**Problem details**
Write out the listing below in its entirety, minus the pictures, without changing a word.

**Dataset content**
***

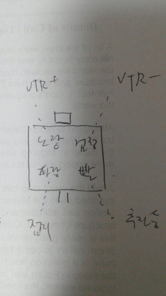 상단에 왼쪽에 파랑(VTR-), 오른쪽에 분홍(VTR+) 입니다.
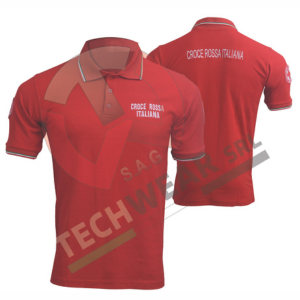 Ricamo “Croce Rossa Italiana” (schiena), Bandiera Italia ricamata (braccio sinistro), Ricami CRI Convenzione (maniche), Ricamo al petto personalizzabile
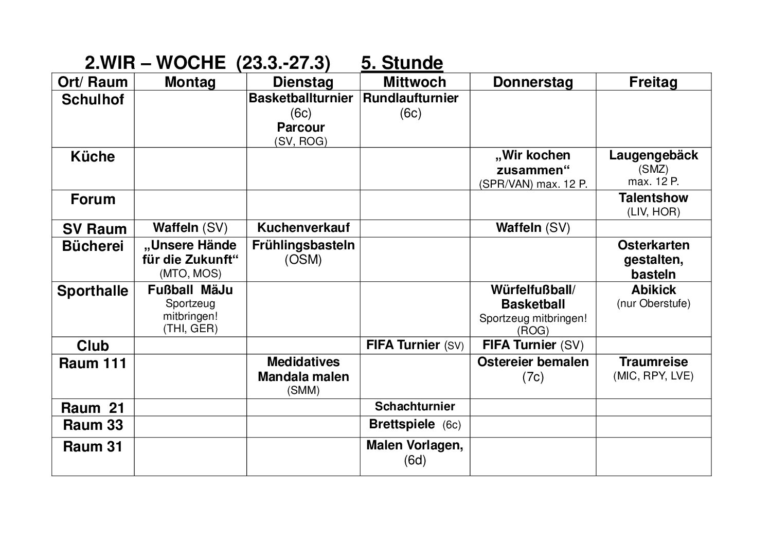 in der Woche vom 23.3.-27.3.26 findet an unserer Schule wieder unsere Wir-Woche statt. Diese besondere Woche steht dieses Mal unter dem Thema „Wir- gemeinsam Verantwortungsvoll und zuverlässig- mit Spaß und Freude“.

***

**Output of the exercise**
 상단에 왼쪽에 파랑(VTR-), 오른쪽에 분홍(VTR+) 입니다.
 Ricamo “Croce Rossa Italiana” (schiena), Bandiera Italia ricamata (braccio sinistro), Ricami CRI Convenzione (maniche), Ricamo al petto personalizzabile
 in der Woche vom 23.3.-27.3.26 findet an unserer Schule wieder unsere Wir-Woche statt. Diese besondere Woche steht dieses Mal unter dem Thema „Wir- gemeinsam Verantwortungsvoll und zuverlässig- mit Spaß und Freude“.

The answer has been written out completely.